See https://github.com/xarray-contrib/xskillscore/issues/284. Leaving open as good discussion here.
By the way, it seems that the line:
baseline = xs.brier_score(obs_final > obs_final.quantile(2/3, dim = 'time'), 2/3)
doesn't work any more, I get this error on my Colab:
AttributeError Traceback (most recent call last)
<ipython-input-68-ad9dcdfd6ce1> in <module>()
----> 1 baseline = xs.brier_score(obs_final > obs_final.quantile(2/3, dim = 'time'), 2/3)

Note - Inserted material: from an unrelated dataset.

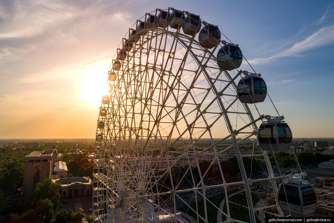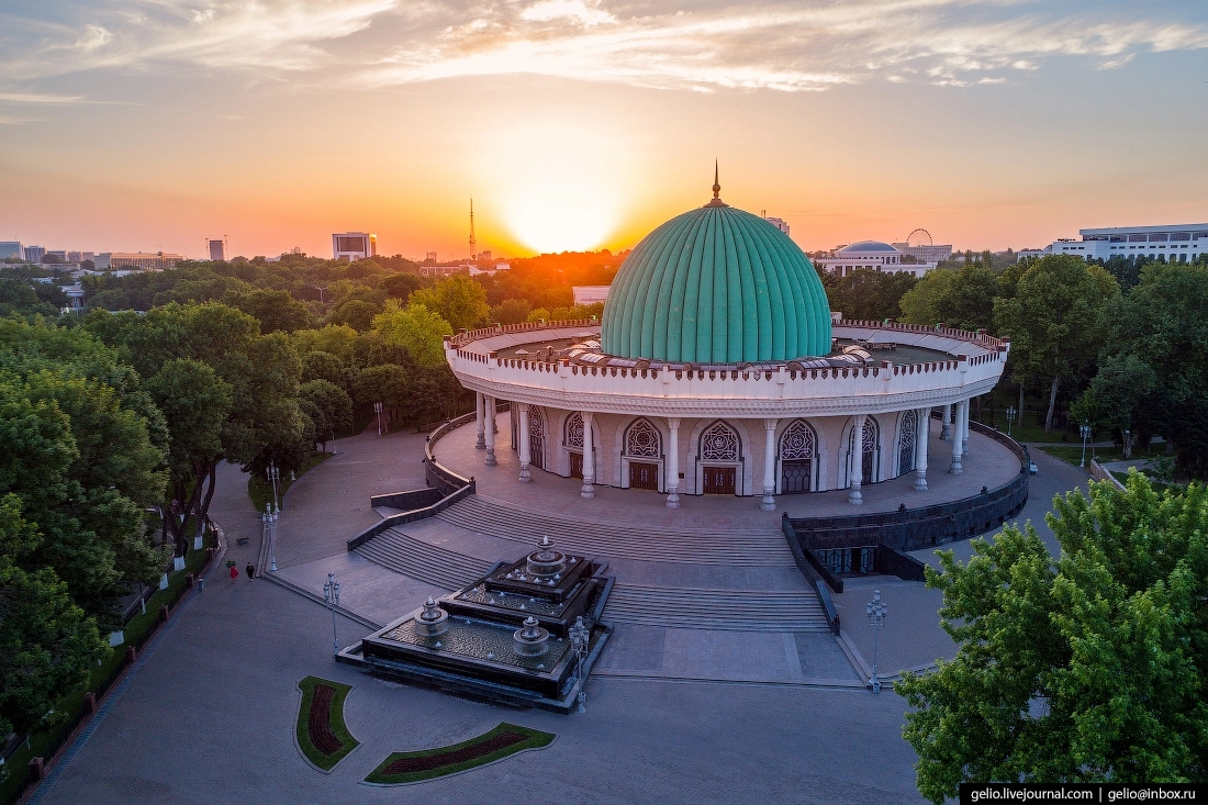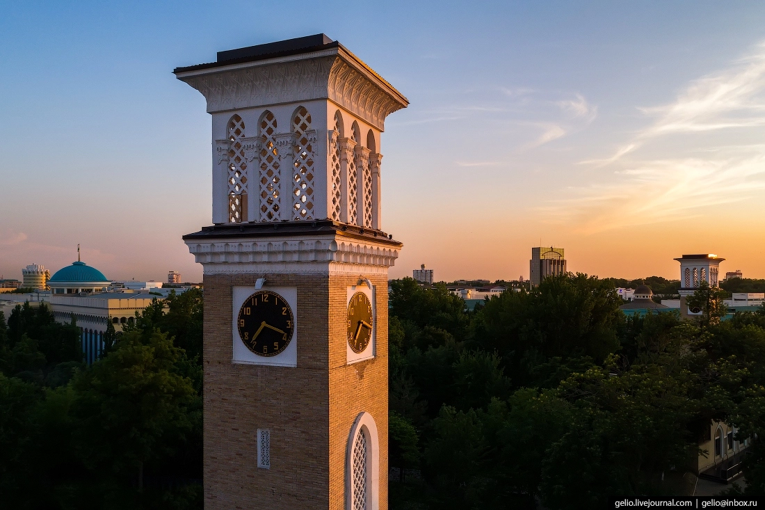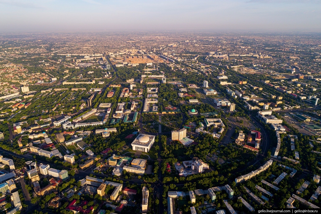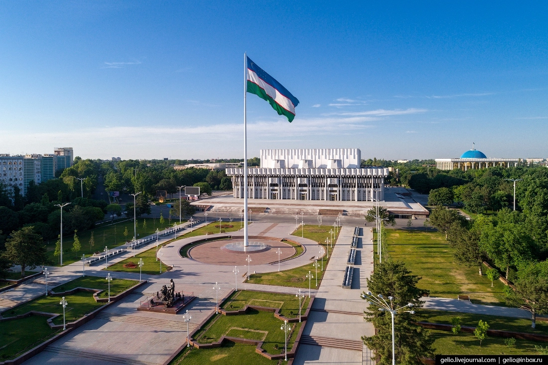 Больше половины территории Узбекистана занимают пустыни, но его столица — Ташкент — выглядит как настоящий оазис. Древний город, построенный в плодородной долине реки Чирчик, покрыт сетью оросительных каналов, украшен фонтанами и буквально утопает в зелени.

/usr/local/lib/python3.8/site-packages/xskillscore/core/probabilistic.py in brier_score(observations, forecasts, member_dim, fair, dim, weights, keep_attrs)
348 res = (e / M - o) ** 2 - e * (M - e) / (M ** 2 * (M - 1))
349 else:
--> 350 if member_dim in forecasts.dims:
351 forecasts = forecasts.mean(member_dim)
352 res = xr.apply_ufunc(
AttributeError: 'float' object has no attribute 'dims'
EDIT: yes, now it requires an xarray object and it doesn't work any more with numbers.
Thanks for reporting @matteodefelice Can you please open an issue with this? Conversion from number to xr.dataarray can be easily added then
Has anyone an example on how to calculate the skill score for the RPS or CRPS? I still haven't found the way to do that...
We have crpss in climpred.
For crpss look into the proper scoring example
@matteodefelice I believe rpss is (kind of) in climpred as well https://github.com/pangeo-data/climpred/blob/main/climpred/tests/test_probabilistic.py#L252. crpss is here: https://github.com/pangeo-data/climpred/blob/main/climpred/metrics.py#L2176 Porting here would be appreciated.
I do RPSS from RPS here: https://renkulab.io/gitlab/aaron.spring/s2s-ai-competition-bootstrap/-/blob/master/notebooks/verification_RPSS.ipynb
Thanks @aaronspring but the real difficulty for me is calculating the RPS of the climatology, but I will find a way. Thanks to everyone for sharing.
generalized for perfect-models and hindcasts.
https://github.com/pangeo-data/climpred/blob/14f7458c1f2e944990d7008001adab49480fe07d/climpred/reference.py#L106
I create a fake 1-member forecast from groupby(dayofyear).
that's a good idea. I did it, and the results seem reasonable. Given that I am working with seasonal averages (one point per year), this is what I have done:
cat_edges = obs.quantile(q = [1/3, 2/3], dim = 'year').rename({'quantile':'category_edge'})
rps_clim = xskillscore.rps(obs, obs.mean(dim = 'year').expand_dims({'member':1}), cat_edges, dim = 'year', member_dim='member')
The RPSS is comparable with the BSS, so I think this should work.